Saturday, September 06, 2014
"Not a New Dress " - 09/04/14 - Ezekiel 24-27
Again, you'll be an example for them. And they'll recognize that I am God." (24:27)
Isn't it exciting to know He uses us again and again.
You will be, not might - will be - an example for Him.
I am so very thankful for all the prayers, words of encouragement. For His Love coming through so many. The next two days, as we bury my Uncle Jim, will be difficult and I don't need to make it harder by making this all about me. It doesn't matter what outfit I will be wearing.
It matters who I am wearing.
Knowing I am going to be around those I am estranged from has been promoting a vicious battle these past few days. Trying not to yield to "what if" scenarios and focus on being more like Christ. Trying not to replay over and over words that have been spoken to and about me and filling my head instead with His Words. Obsessing instead on His Truths.

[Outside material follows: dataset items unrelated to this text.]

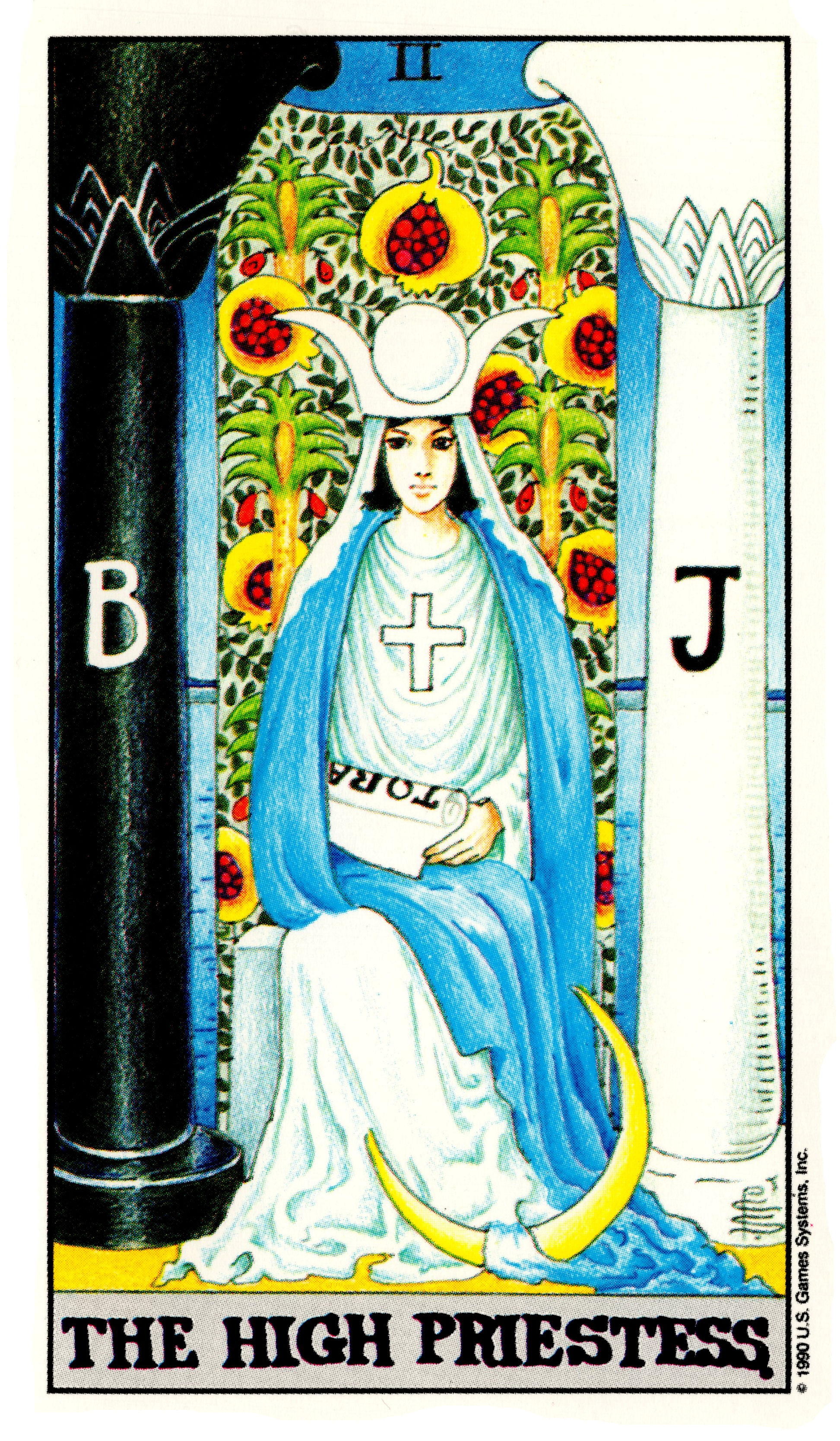 하늘의 신비한 지혜를 땅에 사람에게 전하는 전승자로 깊이 있는 맑고 강한 내공의 소유자인 여사제입니다. 그녀의 모습을 보면 오랜 기간 수행한듯한 조용하고 고요한 반듯한 자태가 두드러집니다. 이 모습에서 강한 소신과 생각이 보이지만 그것이 때론 강한 고집처럼 느껴지기도 합니다. 웨이트 카드덱 외의 다른 카드에서는 ‘수녀원장’이라는 키워드도 있었습니다. 글로 쓰여있지 않은 지혜를 나눠주는 전승이라는 키워드도 가지고 있습니다. 배경을 보면 흰색과 검은색의 기둥이 보이는데 자기 뜻과 다른 사람은 받아들이지 못한다는 흑백 논리를 의미하기도 합니다. 기둥 사이 천에는 석류 열매와 종려나무의 무늬가 새겨진 가림막이 걸려 있습니다. 이 무늬들은 남녀의 성을 상징하기도 합니다. 이를 등지고 있기에 고결함이라는 의미도 가집니다. 여사제는 알려지지 않은 지혜를 가르쳐 주는 카드입니다. 가르침과 전수라는 방법보다 조언의 방법으로 지혜를 전달해 줍니다.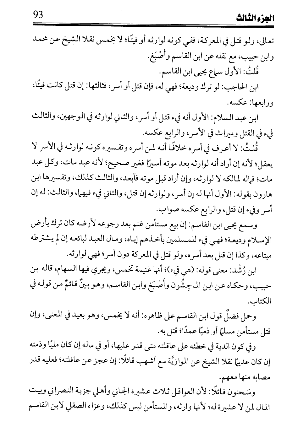ابن عبد السلام: الأول أنه فيء قتل أو أسر، والثاني لوارثه في الوجهين، والثالث فيء في القتل وميراث في الأسر، والرابع عكسه.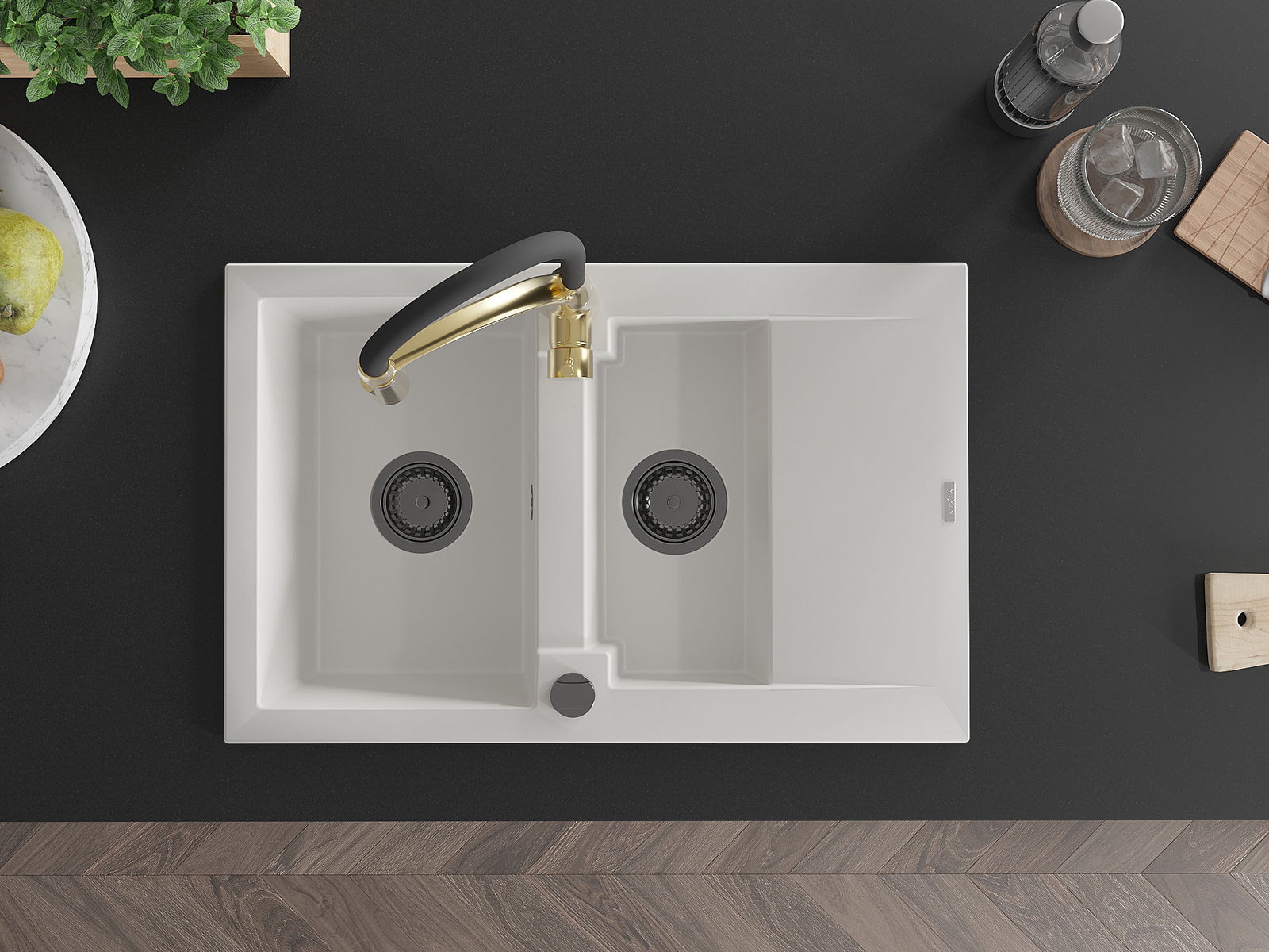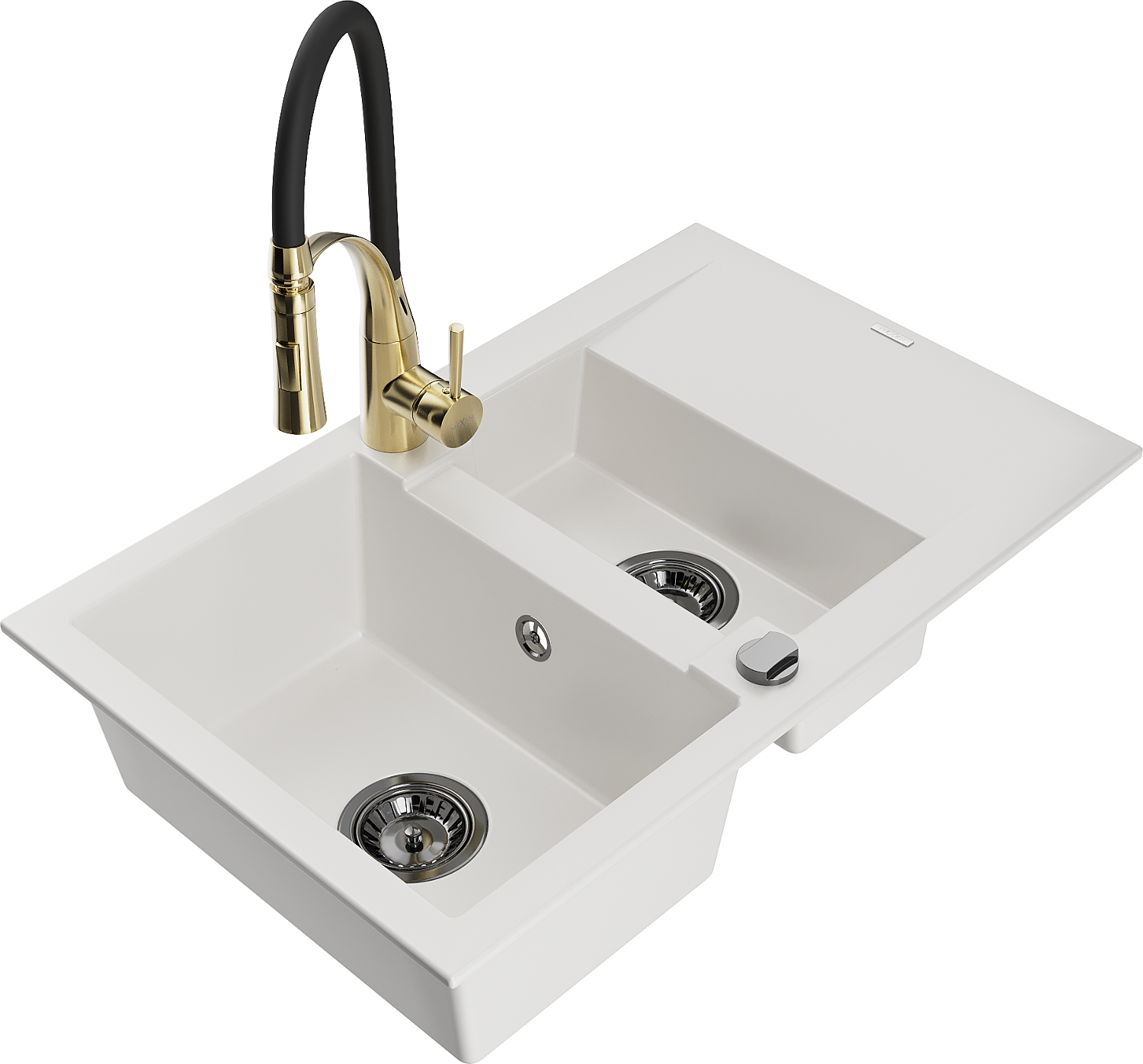 Mexen Gaspar granite sink 1.5-bowl with drainer and Aster kitchen tap, white - 6507-20-73450-57-B

Praying I will be strong "in" my ABBA and He will shine through the darkness. My heart breaks, not only for the passing of my Uncle Jim, but also for the state of where the family He placed me in is at. I am fighting the urge to allow fear and doubt to creep in, focusing on squeezing into an outfit and all the other worldly matters, instead of Him.
I know He has prepared me for any situation, for His timing is perfect. I am praying today and tomorrow I will not be there - only a vessel for Him.
And in His perfect timing, this is the devotional He blessed me with this morning. Yet another fortification, as He has been doing each and every day for the past week.
He knows me so. And loves me so. He knows what I need.
And it isn't a new dress. It is more of Him. His Word.